Timeliness is measured by comparing the maximum event timestamp in the data (or the last ingestion timestamp) against the current time and the maximum acceptable lag for the use case.
Uniqueness
Records that should be unique are not duplicated. A customers table should have at most one row per customer_id; if a customer appears twice with different email addresses, there is a uniqueness violation that may cause downstream joins to fan out and produce incorrect aggregations.
Uniqueness violations are particularly damaging in star schema fact and dimension table relationships, where duplicate dimension records cause duplicated fact rows after joins.
Validity
Values conform to expected formats, ranges, and reference domains. A birth_date column should contain valid dates not in the future; a country_code column should contain valid ISO 3166-1 alpha-2 codes; a email column should match the email format regex.

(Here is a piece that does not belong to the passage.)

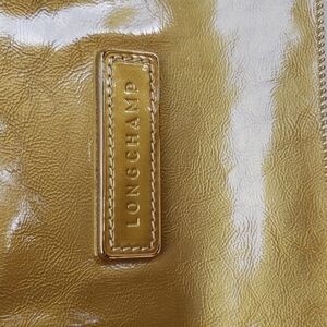 LONGCHAMP TRAVEL weekender gold/yellow patent leather satchel gold hardware.

Data Quality Enforcement in the Lakehouse Pipeline
Bronze Layer: Schema Enforcement at Ingestion
The bronze layer (raw data) is where the first quality enforcement should occur. Even “raw” data should pass minimal quality checks before being committed to the lakehouse:
Schema enforcement: Validate incoming records against the expected schema before writing them to the bronze Iceberg table. Records with unexpected columns, wrong column types, or missing required fields should be routed to a dedicated error/quarantine table rather than being silently dropped or corrupting the primary table.

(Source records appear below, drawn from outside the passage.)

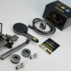 The complete product set includes: 1- Shower head body 2- Set of 2 SUS 304 stainless steel pedestals, 2 mounting brackets, 2 rubber gaskets 3- Shower hose set 4- User manual and warranty card
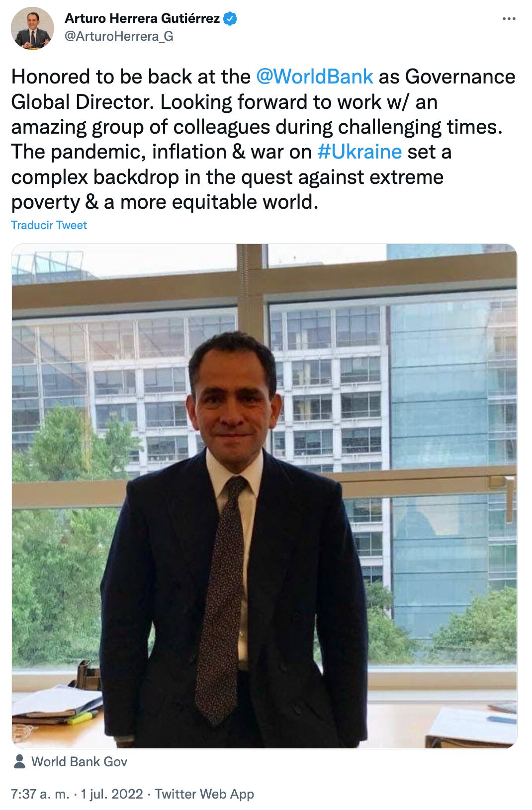 Arturo Herrera Gutiérrez, regresó al Banco Mundial como director global de gobierno, donde comenzará su trabajo, en medio de la crisis por la guerra entre Rusia y Ucrania que lleva 128 días.
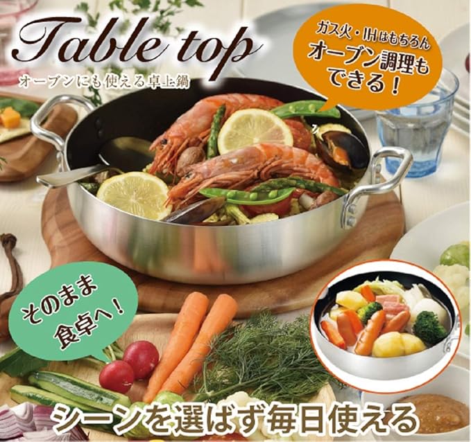 パール金属 両手鍋 シルバー 22cm オーブンにも使える卓上鍋 テーブルトップ HB-3964
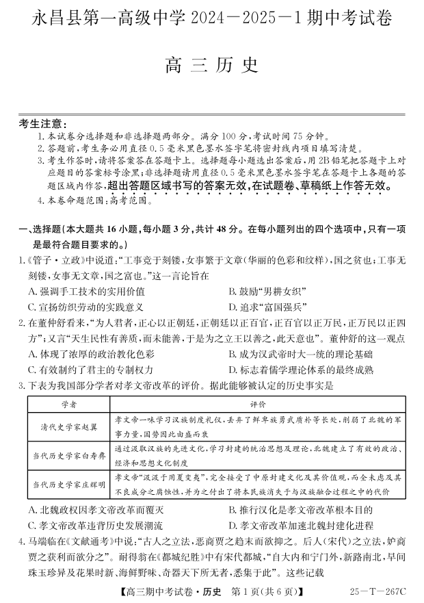 甘肃省永昌县第一高级中学2024-2025学年高三上学期期中考试 历史

Null checking: Flag records with null values in columns declared as NOT NULL. In Iceberg, columns can be declared as required in the schema specification, and Iceberg write operations will fail if required columns contain nulls in the written data (depending on the write mode configuration).

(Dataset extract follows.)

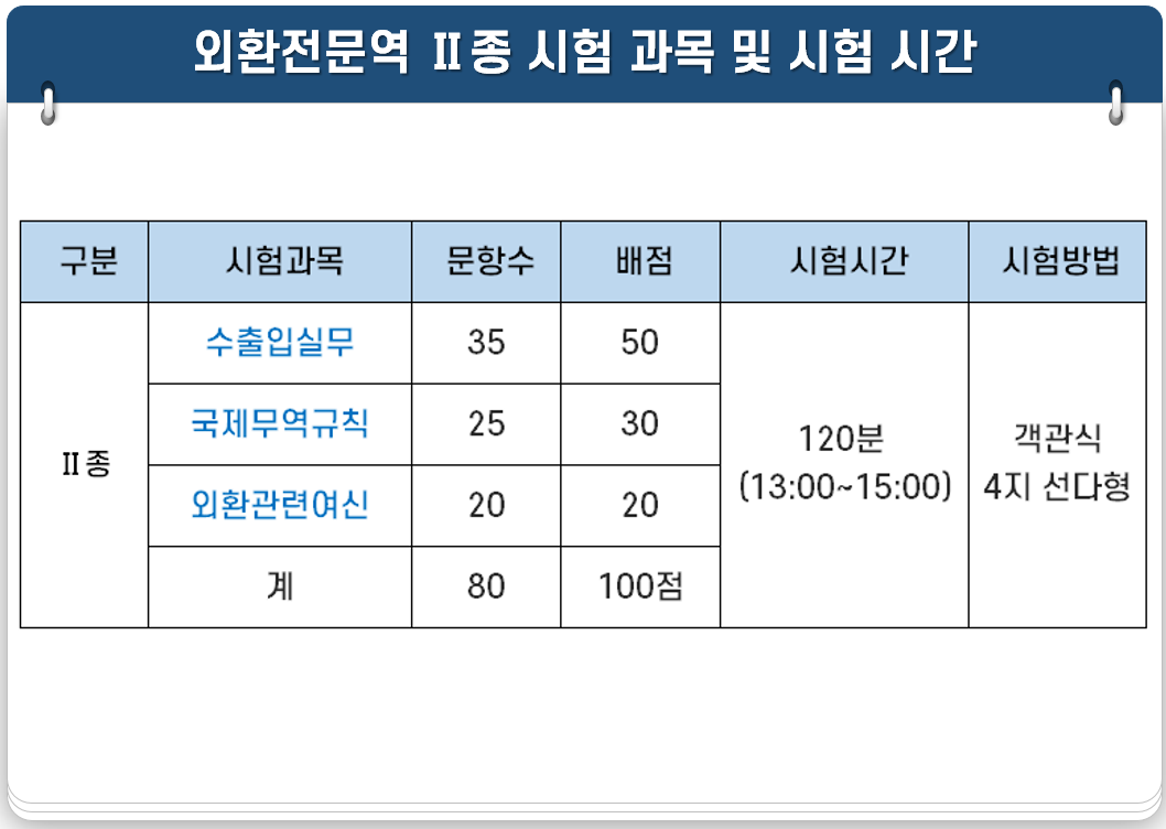 외환전문역 Ⅱ종 시험과목 및 시험 시간

Format validation: Check that string columns representing structured values (dates, emails, phone numbers) match the expected format before ingesting.
Iceberg does not enforce business-level constraints at the format level (no CHECK constraints like traditional RDBMS), so format validation must be implemented in the ingestion pipeline (Spark, Flink, Kafka Streams) before writing to Iceberg.
Silver Layer: Validation Before Promotion
The silver layer transformation is where the most comprehensive quality validation should occur — before data is promoted to the gold layer and consumed by BI tools and AI models. The Write-Audit-Publish (WAP) pattern, described in the Project Nessie article, is the architectural framework for silver-layer quality enforcement:
Write: Transform and write the new data to a staging branch (in Nessie) or a staging table. Audit: Run the full quality check suite against the staged data. Publish: Merge to main / promote to production only if all quality checks pass.
This pattern ensures that quality failures block data from reaching production consumers — rather than the traditional “publish then fix” approach where quality issues are discovered only after they have already affected downstream reports and dashboards.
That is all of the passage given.